Prostate cancer is the second leading cause of cancer deaths among men in the United States and harms Black men disproportionately. Most US men are uninformed about many key facts important to make an informed decision about prostate cancer. Most experts agree that it is important for men to learn about these problems as early as possible in their lifetime. To compare the effect of a community health worker (CHW)-led educational session with a physician-led educational session that counsels Black men about the risks and benefits of prostate-specific antigen (PSA) screening. One hundred eighteen Black men recruited in 8 community-based settings attended a prostate cancer screening education session led by either a CHW or a physician. Participants completed surveys before and after the session to assess knowledge, decisional conflict, and perceptions about the intervention. Both arms used a decision aid that explains the benefits, risks, and controversies of PSA screening and decision coaching. There was no significant difference in decisional conflict change by group: 24.31 physician led versus 30.64 CHW led (P=.31). The CHW-led group showed significantly greater improvement on knowledge after intervention, change (SD): 2.6 (2.81) versus 5.1 (3.19), P<.001). However, those in the physician-led group were more likely to agree that the speaker knew a lot about PSA testing (P<.001) and were more likely to trust the speaker (P<.001). CHW-led interventions can effectively assist Black men with complex health decision-making in community-based settings. This approach may improve prostate cancer knowledge and equally minimize decisional conflict compared with a physician-led intervention.

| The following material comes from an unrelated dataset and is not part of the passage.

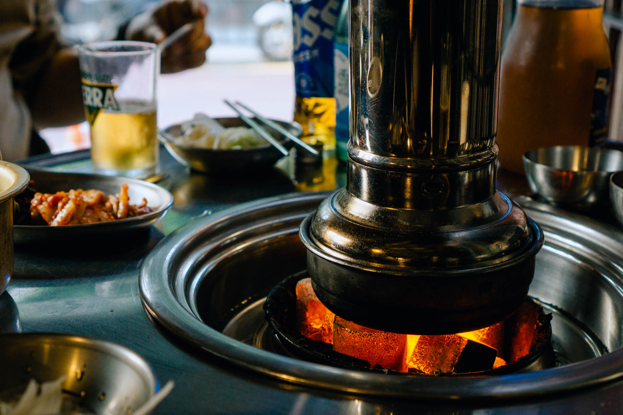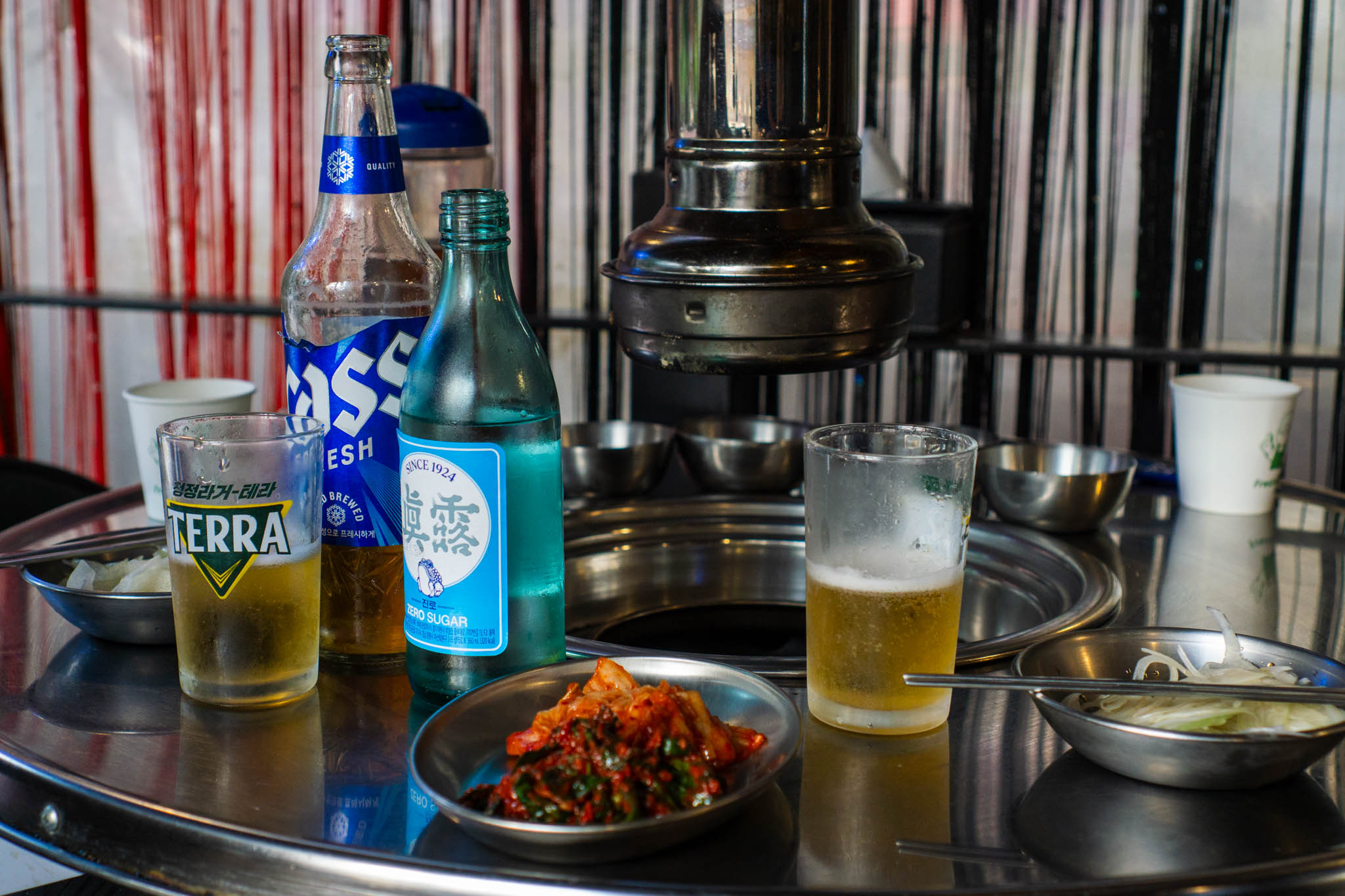 고기 나오기 전 일단 소맥부터.. 그 날은 살짜쿵 더벘던..

一项比较黑人男性前列腺癌筛查决策中chw与医生主导干预的研究
前列腺癌是美国男性癌症死亡的第二大原因,对黑人男性的危害尤为严重。大多数美国男性不了解许多重要的事实,这些事实对于做出关于前列腺癌的明智决定至关重要。大多数专家都认为,男性在一生中尽早了解这些问题是很重要的。比较社区卫生工作者(CHW)主导的教育课程与医生主导的教育课程的效果,后者向黑人男性咨询前列腺特异性抗原(PSA)筛查的风险和益处。在8个社区环境中招募的118名黑人男性参加了由CHW或医生领导的前列腺癌筛查教育会议。参与者在会议前后完成了调查,以评估知识,决策冲突和对干预的看法。两组都使用决策辅助来解释PSA筛查和决策指导的益处、风险和争议。决策冲突的改变在不同组间无显著差异:24.31名医生领导与30.64名护士领导(P= 0.31)。chw组干预后认知改善显著,差异有统计学意义(SD): 2.6 (2.81) vs 5.1 (3.19), P< 0.001。然而,在医生领导的小组中,那些更有可能同意演讲者对PSA检测了解很多(P< 0.001),并且更有可能信任演讲者(P< 0.001)。chw领导的干预措施可以有效地帮助黑人男子在社区环境中做出复杂的健康决策。与医生主导的干预相比,这种方法可以提高对前列腺癌的认识,同样可以最大限度地减少决策冲突。
本文章由计算机程序翻译,如有差异,请以英文原文为准。